In fact, my dream has three components: I work for no one, I do not have any damaged relationships in which I have to engage on a frequent basis, and I have no worries about having enough money to buy the necessities of life.
My fantasy is that if I could attain these things, I would be happy. Perhaps that's just another version of your list, I can kind of see that.
I hate to even talk about "happiness". I've felt this way for many years, perhaps unconsciously picking up on the cultural issues that your posts addresses. I prefer to talk in terms of "contentedness", which I imagine as more a state of general satisfaction with life, kind of a longer-term view of things.
I often wonder whether I would be content if I had my three things. For instance, I might win the lottery and, instead of living extravagantly, pay of my student loans, putting the rest into a trust which would pay out enough money to me such that I could pay a reasonable rent, buy groceries and gas, and make a bi-annual trip to Oklahoma. Then I would be free to study and write and pursue relationships (friendship and romantic) and perhaps even have children. Would I be content? Or maybe there's something inherent in me, maybe even some really ancient, biological drive, which would still render me discontent.

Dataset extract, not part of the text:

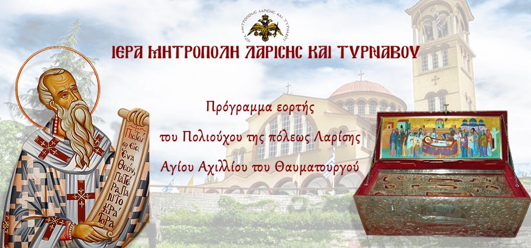 19:00μ.μ.: Αρχιερατικός Εσπερινός στην παλαιά Βασιλική του Αγίου Αχιλλίου στο Φρούριο Λαρίσης, χοροστατούντος του Σεβ. Μητροπολίτου Λαρίσης και Τυρνάβου κ. Ιερωνύμου. Ακολούθως, θα σχηματιστεί λιτανευτική πομπή με κατεύθυνση τον Μητροπολιτικό Ναό, όπου θα ανοιγεί προς προσκύνηση των εν αυτή Ιερών Λειψάνων η Λάρνακα του Αγίου και θα τελεστεί Ιερά Αγρυπνία, ιερουργούντος του Πρωτοσυγκέλλου της Μητροπόλεως, Αρχιμ. κ. Ιγνατίου Μουρτζανού.
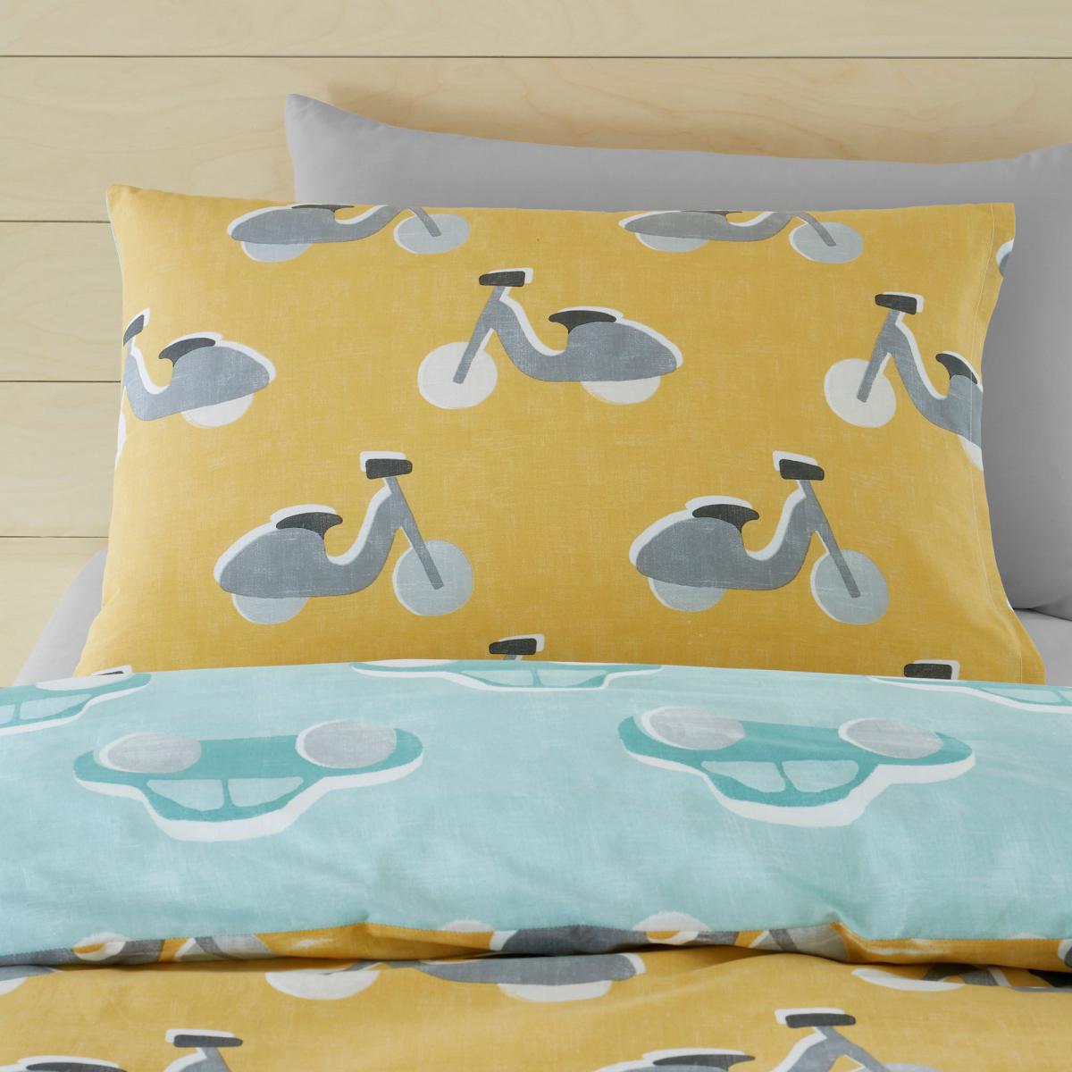 Boasting a retro and fun car printed design, this bedding set would add a stylish touch to your little one's bedroom. With a fully reversible design, this bedding set has cars on the front and scooters on the reverse. Made from 100% cotton, this bedding is soft durable and machine washable. Coordinating cushions and curtains are also available. This collection is verified by OEKO-TEX® and independently tested for harmful substances as well as manufactured using sustainable processes under socially responsible working conditions. MADE IN GREEN by OEKO-TEX® is a unique product label to trace the countries and production facilities - search the product label for more information.

I think I wrote about this not so long ago, maybe being discontent got biologically wired into us many generations ago, as it causes us to constantly strive and push ourselves towards monetary and romantic and procreational success. The monetary and romantic success could easily get folded up into the procreational success making the whole thing evolutionarily favorable, even if the experience we have is distasteful.
Whatever. I try not to chase happiness, but I sure as hell am chasing contentedness. I don't even know if there's a real distinction, or what it means for me. I don't think I got too many gold stars growing up, but I definitely always felt I was special.
I'm just rambling now. Obviously, this is an interesting topic.
I like this post.
It reminds me to try to be content with what I have.
I like what St. Paul wrote
"I know what it is to be in need, and I know what it is to have plenty. I have learned the secret of being content in any and every situation, whether well fed or hungry, whether living in plenty or in want."
Philippians 4:11-13
Josh and I have almost this exact conversation all the time. Just to remind ourselves, I think. We're so fortunate to have these things that are making our life hard.
We've basically built our value system around gratefulness. It's just a matter of remembering how grateful we are for our children, Josh's job, that I get to take care of the girls full time, for our life. When we remember to be grateful, it's so much easier to find the joy. Sappy, but true.